REPUBLIKA.CO.ID, BARCELONA -- Dalam satu dekade terakhir, Barcelona benar-benar menunjukkan konsistensinya sebagai klub besar yang setiap musim selalu diakhiri dengan raihan trofi-trofi bergengsi. Blaugrana mengalahkan klub-klub besar tidak hanya di pentas sepak bola Spanyol melainkan juga di level Eropa.
Ada yang berbeda dengan cerita di balik sukses Blaugrana dalam meraih kesuksesan dalam kurun waktu yang tidak singkat itu. Bila berapa klub besar bisa sukses karena memanfaatkan kekuatan finansial untuk membeli pemain-pemain berkelas, tapi tidak demikian dengan resep yang digunakan oleh tim yang bermarkas di Stadion Nou Camp itu.
Mereka lebih banyak dengan berinvestasi kepada akademi La Masia.

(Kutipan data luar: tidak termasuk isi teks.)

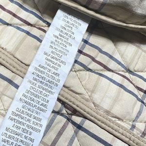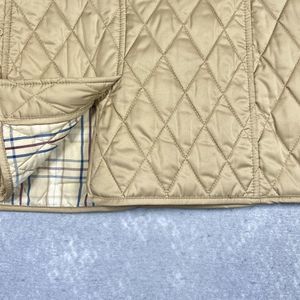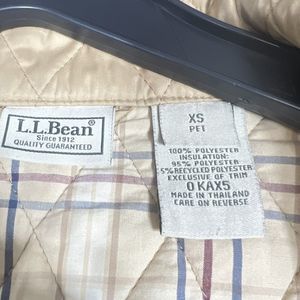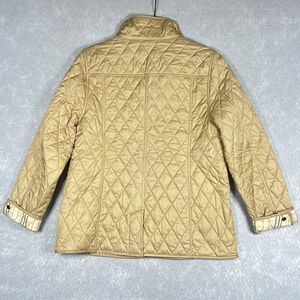 Up for sale: L.L.Bean Gold Quilted Jacket Women Small Tan Nova Check Plaid Lined Snap Button
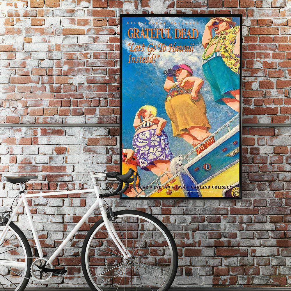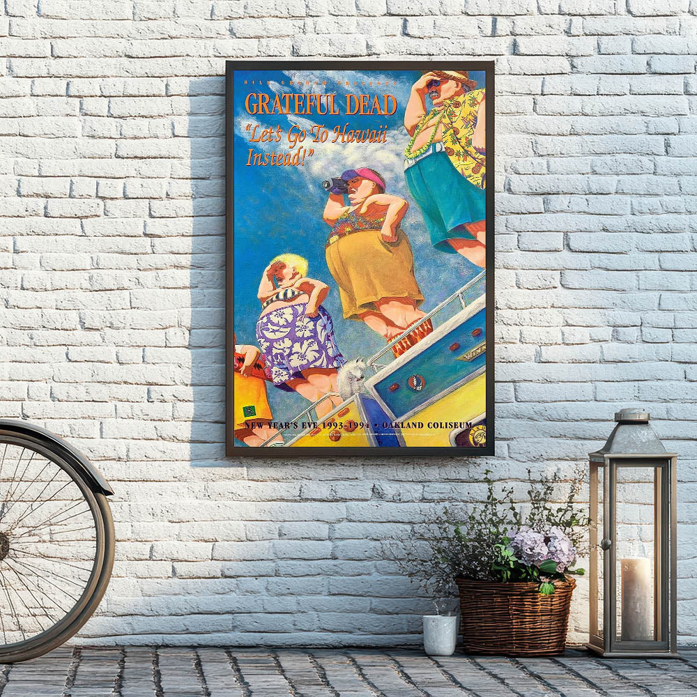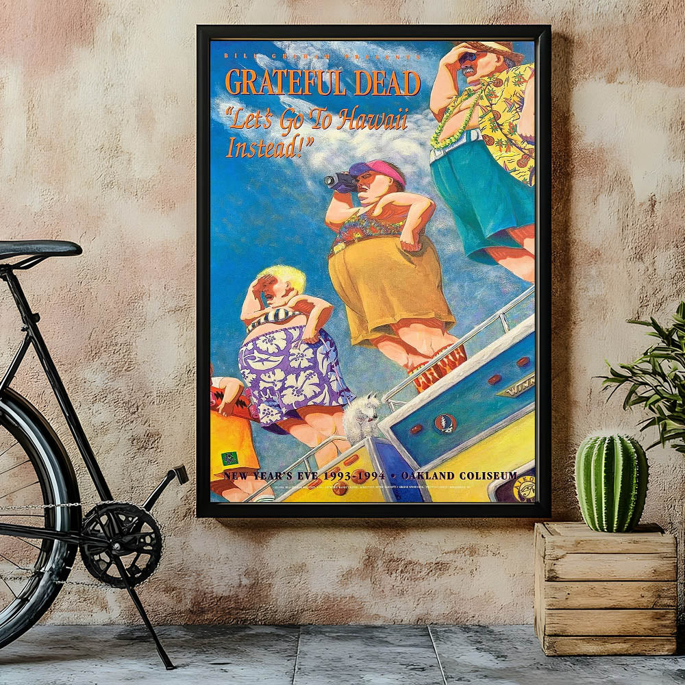 Bring a touch of humor and nostalgia to your space with this Grateful Dead Retro Wall Art, a vintage print from their New Year’s Eve 1993-94 concert at Oakland Coliseum. Featuring a quirky, colorful illustration of beachgoers looking off into the distance, this retro poster art perfectly captures classic retro style with a mix of vintage decor and playful design. The phrase "Let’s Go to Hawaii Instead!" adds a fun, lighthearted vibe, making this piece perfect for fans of nostalgic art prints.

Di mana akademi sepakbola junior Barcelona itu memang benar-benar ampuh untuk melahirkan talenta-talenta yang menjadi pesepakbola terbaik di Eropa yang membuat klub-klub kaya raya banyak bertekuk lutut.
La Masia yang tak jauh dari Stadion Nou Camp tepatnya di distrik Les Corts Provinsi Barcelona mulai mengorbitkan pemain binaannya ke tim utama El Barca untuk bersaing di kompetisi utama yang mereka ikuti.
Beberapa nama asal La Masia yang lebih dulu mencuat adalah pemain seperti Carles Puyol, Andres Iniesta dan Xavi Hernandez di era awal-awal 2000-an kala mereka masih dilatih oleh pelatih asal Belanda Frank Rijkaard.
Hanya saja saat itu kemampuan ketiganya masih diimbangi dengan pemain-pemain impor yang mana puncak keberhasil Barcelona saat itu adalah merebut tropi Liga Champions 2006. Keemasan alumni-alumni La Masia mulai begitu merajai skuad Barcelona ketika tampuk kepelatihan pindah tangan pada tahun 2008 dari Rijkaard ke Pep Guardiola yang sebelumnya adalah pelatih Barcelona B.
Pep yang juga mantan binaan La Masia di era 80-an paham benar bahwa pemain-pemain yang dididik di La Masia punya kualitas tak kalah hebat dari pemain impor. Pep pun berjudi dengan menjual sebagian besar nama-nama pemain impor yang menjadi roh peermainan Barcelona sebelumnya seperti Ronaldinho, Deco hingga Samuel Eto’o.